Seeing in the Sea (p. 3333)
Not much sunlight penetrates deep into the oceans, but that doesn’t mean that there isn’t light down there. Bioluminescence gives the depths a dim glow, so the creatures that live there have evolved photoreceptors with light sensitive pigments (opsins) that pickup wavelengths towards the blue/green (480 nm) end of the spectrum. David Hunt and his colleagues realised that every creature in this habitat were living under a strong selective pressure to optimise their vision to the dim habitat, so they wondered how each species had adjusted their opsin genes to get the best spectral down-tuning. Would all the opsin genes have the same set of specialised mutations, or would every gene be different?

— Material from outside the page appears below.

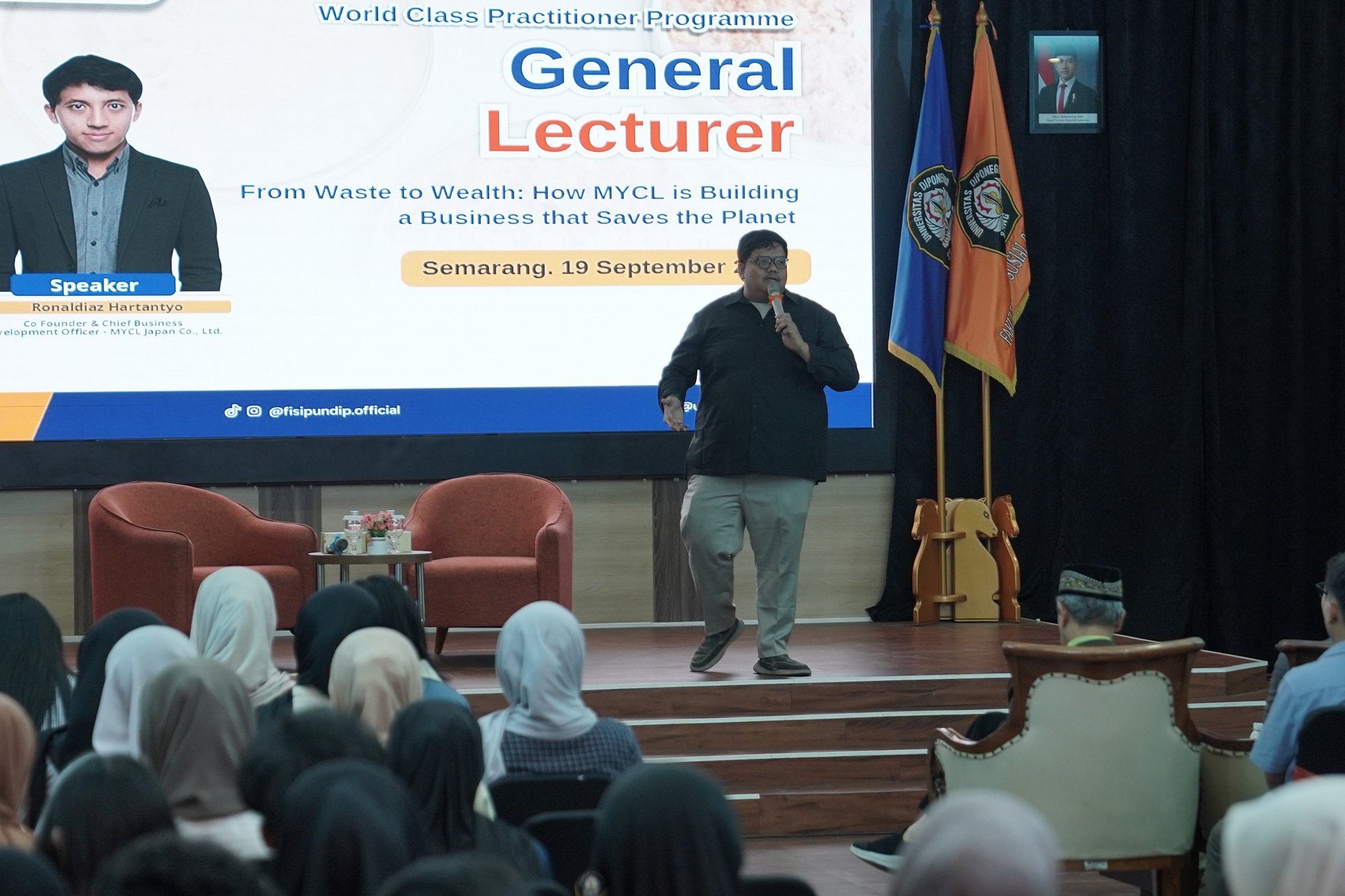 Semarang, September 19, 2025 — The Faculty of Social and Political Sciences, Diponegoro University (FISIP UNDIP), successfully hosted a public lecture featuring Ronaldiaz Hartantyo—widely known as Pak Aldi—Co-Founder and Chief Business Development Officer of MYCL Japan Co., Ltd. The lecture, titled “Turning Waste into Wealth: How MYCL Builds a Business That Saves the Planet”, was held at the FIMENA Auditorium of FISIP UNDIP, drawing an audience of more than 230 participants, including students, lecturers, and professionals from various sectors.

Hunt and his team went trawling in the deep oceans and pulled-up 80 species from depths as great as 5000 m. Back in the lab, they sequenced 28 opsin genes that were already spectrally characterised. The first thing they noticed was that all the genes coded for rod-type opsins, and not cones. This wasn’t surprising, as cones are adapted to bright light environments, and rods specialise in dimmer conditions. But rods are usually tuned to light around 500 nm, which doesn’t penetrate more than 300 m into the sea, so these rod opsins have been modified relative to the surface proteins to pick up what little light there is down there.

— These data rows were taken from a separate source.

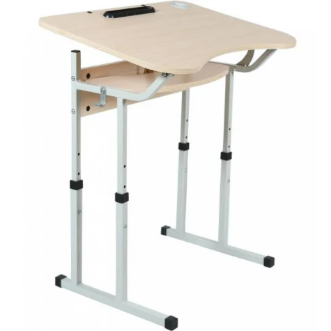 Стіл учнівський 1-місний з регулюванням кута нахилу стільниці та полицею, ростова група №3-6 Габаритні розміри столу: 700x500x580-760 мм. Вага: 10,5 кг. Розміри столу: ширина – 700 мм; глибина – 500 мм; висота – 580, 640, 700, 760 мм; кути нахилу стільниці: 0°, 3°, 5°, 7°, 9°, 12°, 14°, 16°. Стіл складається з стільниці ергономічної форми та металевого каркасу. Усі кути стільниці заокруглені. Стільниця має ергономічний виріз з боку учня, що забезпечує глибшу посадку та убезпечує сидячого від викривлення осанки. Регулювання кута нахилу стільниці здійснюється за рахунок механізму, типу ростомата з кроком регулювання до 3°, з обов’язковою наявністю обмежувачів для безпеки використання учнями. На горизонтальній частині стільниці з правої сторони робочого місця міститься отвір для стакану канцелярії, посередині пенал для канцелярського приладдя, отвори під книготримач.
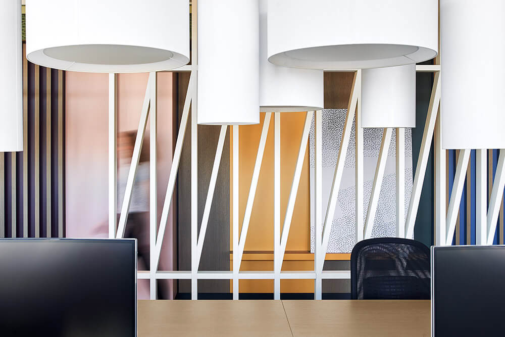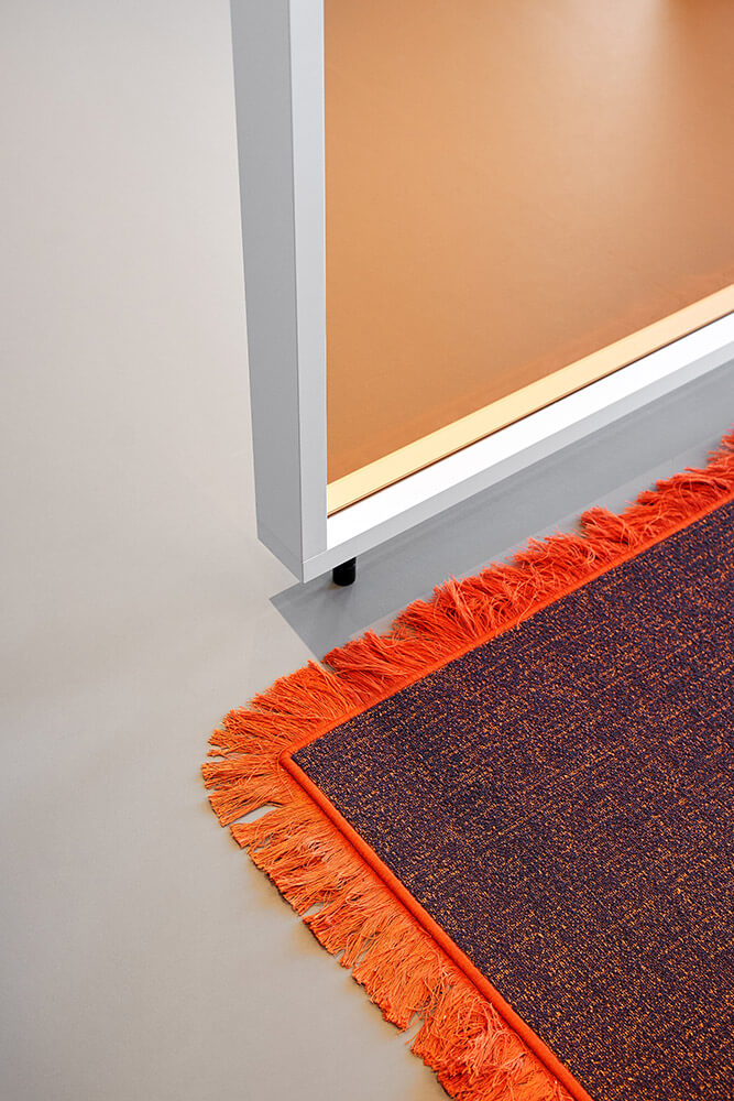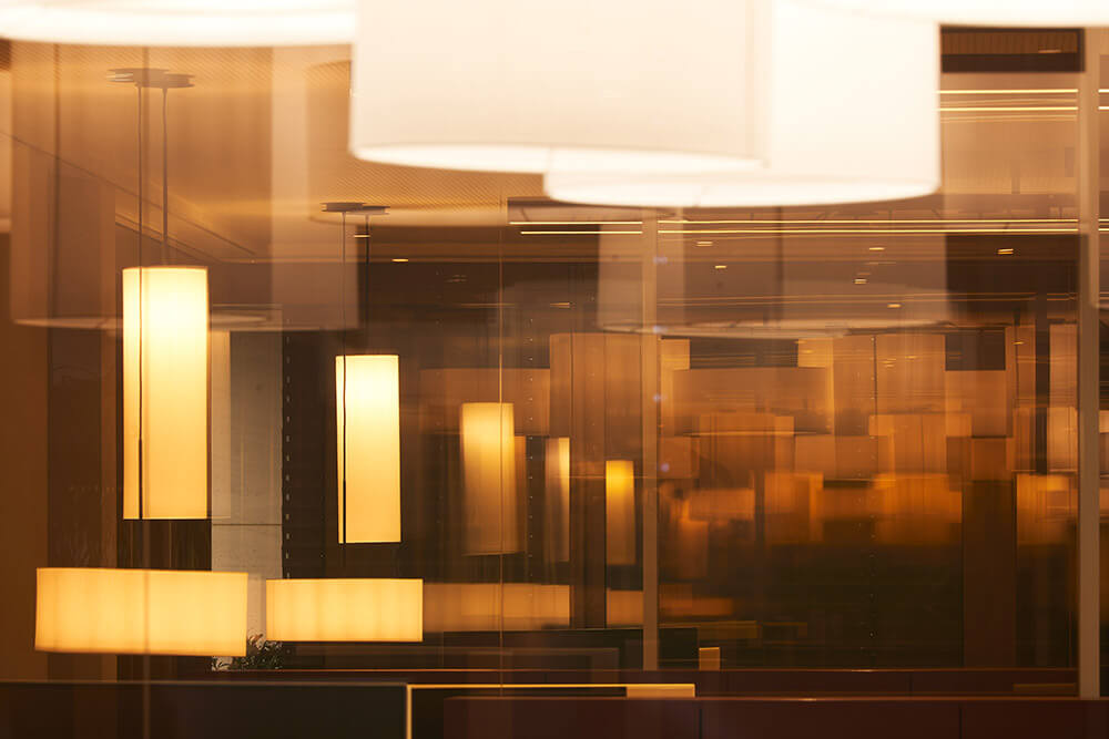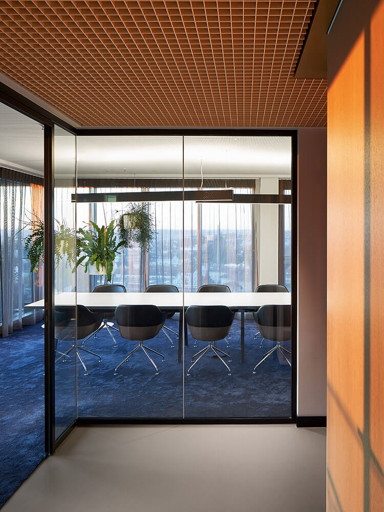 The clarity of the architecture (which imbues almost all Schöller SI projects) is continued in the interior – but becomes quite literally more multi-faceted: Tinted glass partition walls, pale curtains, linear storage units and fringed carpets zone the different areas, giving the space a rhythm that is characterised by overlays, reflections, transparency, but also by density. Accordingly, both open-plan and more intimate sections, as well as different work situations can arise: from the classic workbench and large shared tables, to lounge situations and alcove retreats. As a free interpretation of the slogan “Your office is where you are!” (à ACTIVITY-BASED WORKING), employees can decide which informal constellation best supplements their fixed workstation, supporting them in (internal) communication and thus helping them perform their daily tasks.
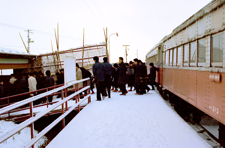 〔 津軽鉄道 五農校前 ” オハ31系 ”より降車 雪の中の通学風景! S.55.12 撮影 〕
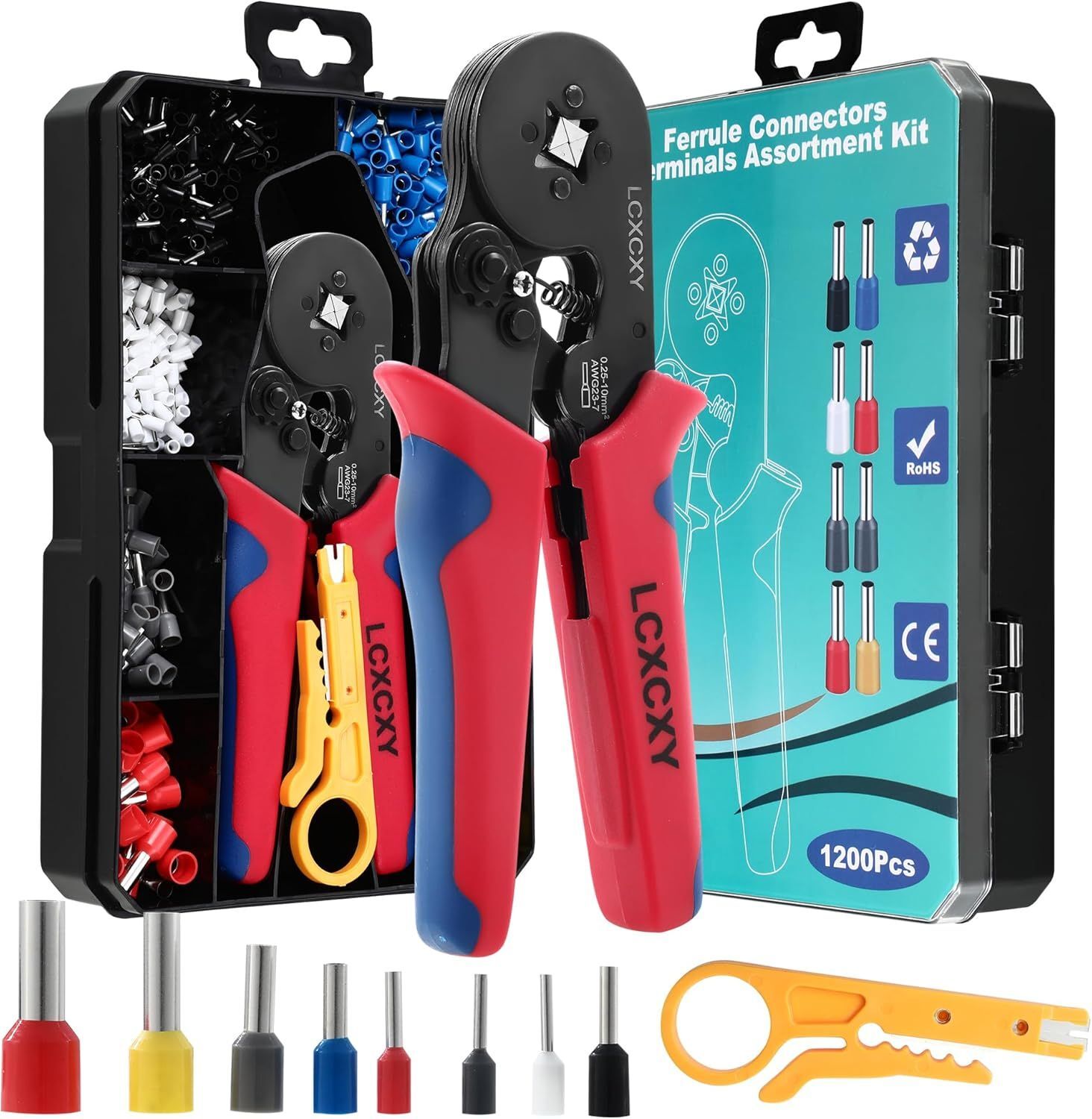GKWL-Pince À Sertir Set D'Embouts,1200 Boîtes À Bornes Sertir Isolées,Câble De Cosses 0,25-10,00 Mm²,Pince À Sertir,Pince Electricien,Presse Pinces Outils

Taking a closer look at the genes, they lined up the sequences to see if there was a set of conserved substitutions that gave the fish blue/green vision. There wasn’t. Realising that the story was more complicated, they grouped the genes by species and a pattern began to emerge. The mutations that have shifted the opsin’s sensitivity to blue/green wavelengths occur at nine key positions in the gene sequence. From the structure of the related bovine rhodopsin protein, Hunt knew that these amino acids were involved in interactions with the chromophore, but had these deep sea species used a common amino acid tuning code?
Genes from closely related fish were either identical or only differed by one or two residues at the nine key sites. More distantly related fish showed more divergence, but still share many common substitutions. The take home message is that there isn’t a single tuning code, so it’ll be tricky to predict spectral tuning on the basis of gene sequence alone. However, Hunt has mapped the mutations onto a standard phylogenetic tree. From this perspective he has predicted the sequence of the ancestral deep-sea opsin, which he believes probably had a maximum absorbance at 480 nm.
Still intrigued by deep-sea vision, Hunt is moving on to look at fish that have multiple visual pigments. Some of these fish are also bioluminescent at these longer wavelengths. He points out that this could be very handy if you’re a predator because ‘if you can see your prey, but they can’t see you, that’s a huge advantage.’